Rick Carroll/The Aspen Times |

An area transient did not pass “go” and did not collect $200 after Aspen police popped him in June for breaking into a downtown lodge and spending the night for free. But he did go directly to jail.

In fact, the man remained behind bars until he was released Feb. 2. But for the 48-year-old drifter, his newfound freedom was lacking an essential item: Authorities didn’t return his laminated get-out-of-jail-free card — the one popularized in Monopoly board games.

After the man’s release, he contacted the Sheriff’s Office, which confiscated his belongings at the time he was booked June 22, demanding the card’s return. Court files also show he’d written the judge, while he was incarcerated, asking that his seized items be returned.



“He more or less accused us of taking his stuff,” Sheriff Joe DiSalvo said.

Authorities couldn’t find the card, so Don Bird, who runs the jail, photocopied his own get-out-of-jail-free card, laminated it and mailed it to him. Wrong card and not the original one, the man said.
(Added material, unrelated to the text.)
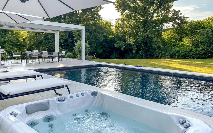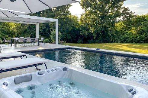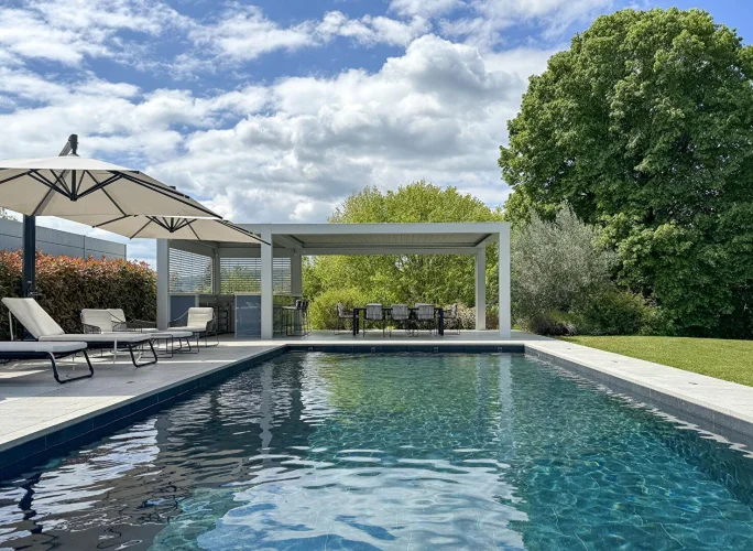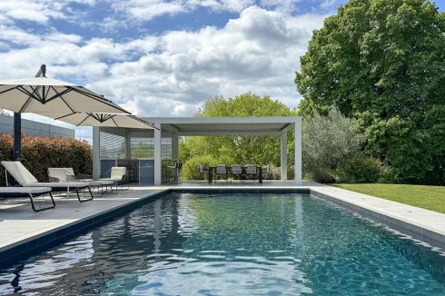 A relaxation area awaits you below, with swimming pool, jacuzzi, summer kitchen... In the shade of the parasols and the white bioclimatic pergola.

He mailed it back, along with a hand-written note to DiSalvo.

“I’m asking you to please have whoever took my laminated card to please return it, … anonymously if need be,” he wrote in a letter postmarked in Dillon.

He also fired off an email to the rest of the Sheriff’s Office staff.

“now … mr. disalvo … i’m sending you via snail mail, what i received in the mail … IT IS NOT THE REAL ‘GET OUT OF JAIL CARD’ THAT WAS IN MY CONTRABAND PROPERTY! as you can see … a copy of the REAL card that was in my property was made … then laminated … and it was sent to me to make me angry…”

The man, who has been in and out of the local court system for various transgressions — his latest stint behind bars spanned 222 days — wrote that the card had been put to good use in the past. “The real card got me released from Golden Gate Park Police Station … so it has sentimental value to me.”

DiSalvo figured he would try to help him, and earlier this week opened his sealed, unused Monopoly game and removed two of the cards — one from the Community Chest, the other from the Chance pile. But it later occurred to the sheriff that his Monopoly game was a throwback edition, and its nostalgic cards wouldn’t be satisfactory.

“They looked different from the modern one, and I knew we couldn’t send them,” he said.

Enter Tim Gustafson, the civil administrator for the Sheriff’s Office. Gustafson also has the board game — who doesn’t? — and brought an orange and yellow card to the office. The sheriff’s administrative team had two cards laminated, and they were set to hit the mail Thursday.

“We wanted to make sure he got the same get-out-of-jail-free card he came in with,” DiSalvo said. “But we don’t know if it’s the orange one or the yellow one, so we’ll send them both.”

DiSalvo said the venture didn’t demand much time.

“I could ignore it, but I’m choosing not to,” he said. “This is customer service. This is what we do. It’s not taking a lot of my time, and there’s the comical part of it, too. I don’t want any unhappy customers out there.”

DiSalvo isn’t always as accommodating, however.

Around Christmas time, an inmate asked the sheriff if he would provide him a stripper, preferably from the Diamond Cabaret in Denver, for the holiday season. The sheriff declined.

“I’ve had some weird requests,” DiSalvo said. “And there are a lot that I’ve never acted on. We get some odd inmate requests. But (the card request) seemed so comical, I had to fulfill the request.”